• **Prompt**: After finding the line containing "This artful ring" below, please output that line and each following one through the line containing "据悉,小行星命名是一项国际性、永久性的荣誉,是世界公认的一项崇高荣誉。", exactly as written.

• **Dataset content**:
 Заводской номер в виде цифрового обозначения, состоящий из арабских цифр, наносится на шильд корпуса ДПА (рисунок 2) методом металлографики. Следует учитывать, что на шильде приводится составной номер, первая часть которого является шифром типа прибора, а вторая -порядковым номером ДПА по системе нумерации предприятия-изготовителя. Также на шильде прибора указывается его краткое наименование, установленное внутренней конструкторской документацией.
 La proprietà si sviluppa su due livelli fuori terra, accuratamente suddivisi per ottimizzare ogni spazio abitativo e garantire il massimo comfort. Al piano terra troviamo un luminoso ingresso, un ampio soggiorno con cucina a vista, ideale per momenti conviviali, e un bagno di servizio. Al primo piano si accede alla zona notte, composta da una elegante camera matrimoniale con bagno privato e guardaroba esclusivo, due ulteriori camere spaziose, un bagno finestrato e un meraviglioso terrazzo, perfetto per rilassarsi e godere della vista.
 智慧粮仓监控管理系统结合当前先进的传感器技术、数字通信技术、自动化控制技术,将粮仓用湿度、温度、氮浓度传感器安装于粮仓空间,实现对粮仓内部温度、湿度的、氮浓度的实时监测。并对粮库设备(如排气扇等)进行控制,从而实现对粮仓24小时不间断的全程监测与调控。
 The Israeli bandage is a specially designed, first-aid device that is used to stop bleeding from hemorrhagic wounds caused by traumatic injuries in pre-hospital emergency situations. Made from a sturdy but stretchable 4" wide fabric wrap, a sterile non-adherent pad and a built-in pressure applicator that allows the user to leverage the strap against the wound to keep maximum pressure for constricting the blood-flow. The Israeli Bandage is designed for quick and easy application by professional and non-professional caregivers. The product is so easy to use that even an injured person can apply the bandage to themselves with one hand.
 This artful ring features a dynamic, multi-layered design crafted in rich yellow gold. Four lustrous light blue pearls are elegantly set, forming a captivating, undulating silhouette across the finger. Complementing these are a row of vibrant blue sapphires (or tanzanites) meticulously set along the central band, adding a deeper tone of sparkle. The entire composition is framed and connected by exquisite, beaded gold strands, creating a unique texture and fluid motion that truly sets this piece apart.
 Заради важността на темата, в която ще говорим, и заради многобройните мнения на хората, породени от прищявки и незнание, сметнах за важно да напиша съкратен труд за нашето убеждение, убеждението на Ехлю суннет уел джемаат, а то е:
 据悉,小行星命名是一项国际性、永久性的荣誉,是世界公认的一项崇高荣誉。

==

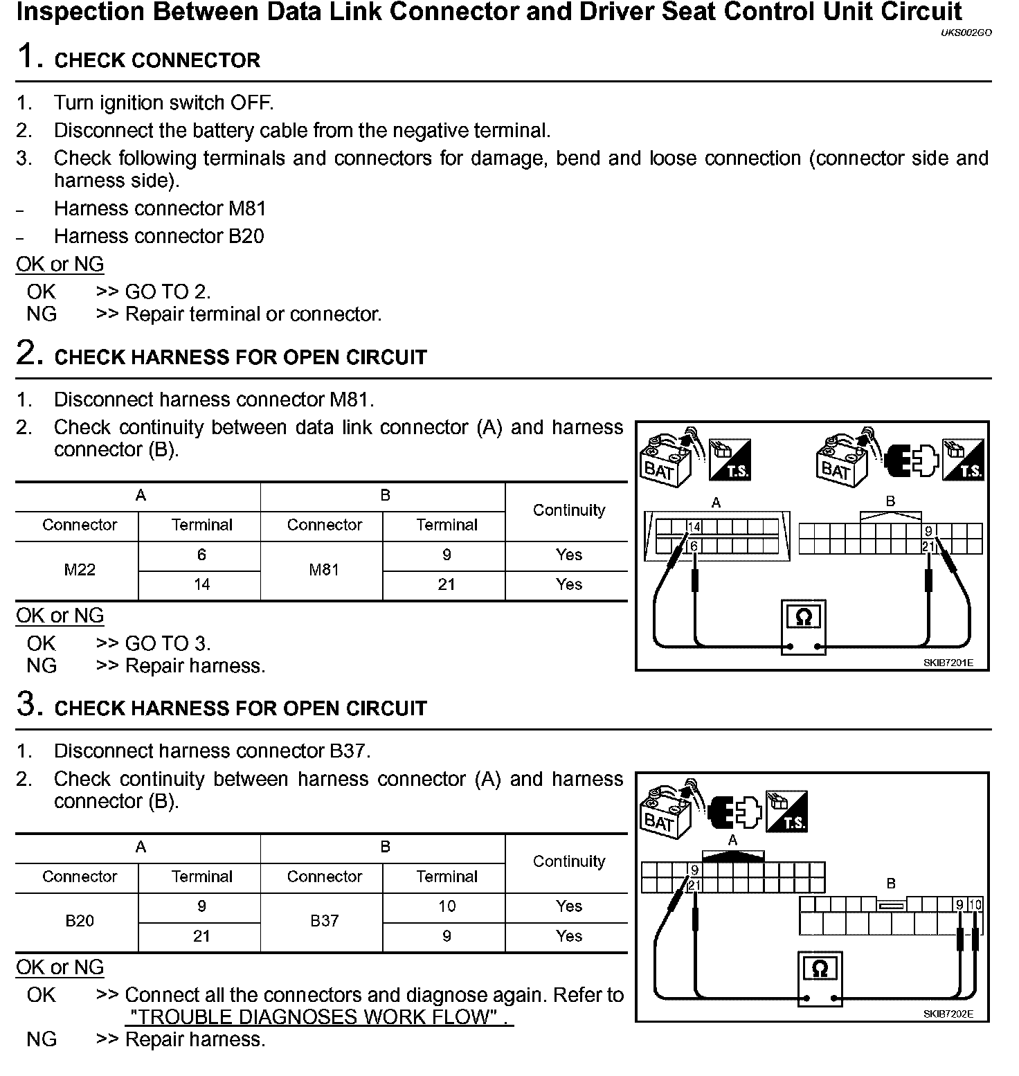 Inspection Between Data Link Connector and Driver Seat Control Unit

• **Problem solution**:
 This artful ring features a dynamic, multi-layered design crafted in rich yellow gold. Four lustrous light blue pearls are elegantly set, forming a captivating, undulating silhouette across the finger. Complementing these are a row of vibrant blue sapphires (or tanzanites) meticulously set along the central band, adding a deeper tone of sparkle. The entire composition is framed and connected by exquisite, beaded gold strands, creating a unique texture and fluid motion that truly sets this piece apart.
 Заради важността на темата, в която ще говорим, и заради многобройните мнения на хората, породени от прищявки и незнание, сметнах за важно да напиша съкратен труд за нашето убеждение, убеждението на Ехлю суннет уел джемаат, а то е:
 据悉,小行星命名是一项国际性、永久性的荣誉,是世界公认的一项崇高荣誉。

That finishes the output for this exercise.